Focus Optimization in an RRB Tree (or tail optimization in a PersistentVector) - GlenKPeterson/Paguro GitHub Wiki
Clojure's mutable TransientVector is about 5x faster than its immutable PersistentVector (see: Performance Test). The most significant difference between the Mutable and Persistent vector is that the Mutable one allocates a 32-element tail and adds items to it without copying anything. The Persistent one allocates a new tail and copies the old into it every time the tail is appended to.

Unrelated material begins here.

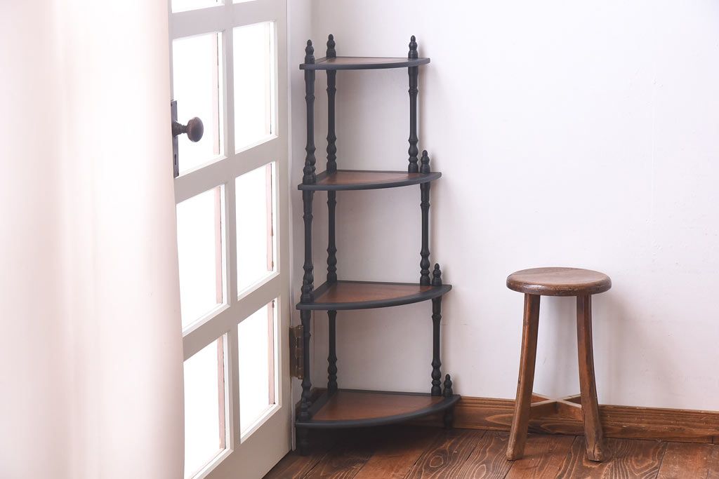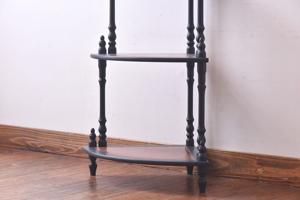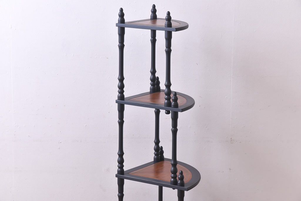ラフジュ工房> オープンラック・シェルフ > アンティーク雑貨 ペイント家具 シックな雰囲気漂うレザートップのコーナーラック(飾り台、花台)

The shallow tree structure that most of the data is stored in has to be identical between Mutable and Persistent so that you can quickly yield a Persistent collection from a Mutable one. The Mutable/builder must not provide a way to accidentally modify the internals of the resulting persistent collection. So the opportunity for Mutable optimization lies almost exclusively in the tail.
In an RRB Tree, the tail is called the "focus" because it optimizes inserts near whatever index the last insert/append was made to - it can move around the data structure. Random inserts defeat this optimization when the vector becomes large (the focus stores a bigger percentage of the data in a smaller RRB-Tree). So allocating a 32-element focus every time would be be unacceptable for random inserts.
But we can reduce allocations and copies in the focus of the RRB-tree only as that focus grows using the following algorithm:
- Track the number of focus elements separately from the length of the focus array: numFocusElements
- If there is no focus, the new item becomes the single element of a new focus.
- If an add operation finds the focus array has 32 elements, push the focus into the tree, same as you would for a persistent collection, and the new item becomes the single element of a new focus.
- If an add operation finds the focus array full (with less than 32 elements), allocate a new array of double the length and copy the elements of the old array into the new one.
- If there is an item at numFocusElements, throw a ConcurrentModificationException (see Synchronization below)
- Add the item to the existing focus array and increment numFocusElements
Here we compare theoretical number of operations assuming all operations take the same amount of time:
- Hickey's PersistentVector tail/focus which allocates a new focus and copies the old one for each append
- A Hybrid approach which doubles the length of the focus (as explained above)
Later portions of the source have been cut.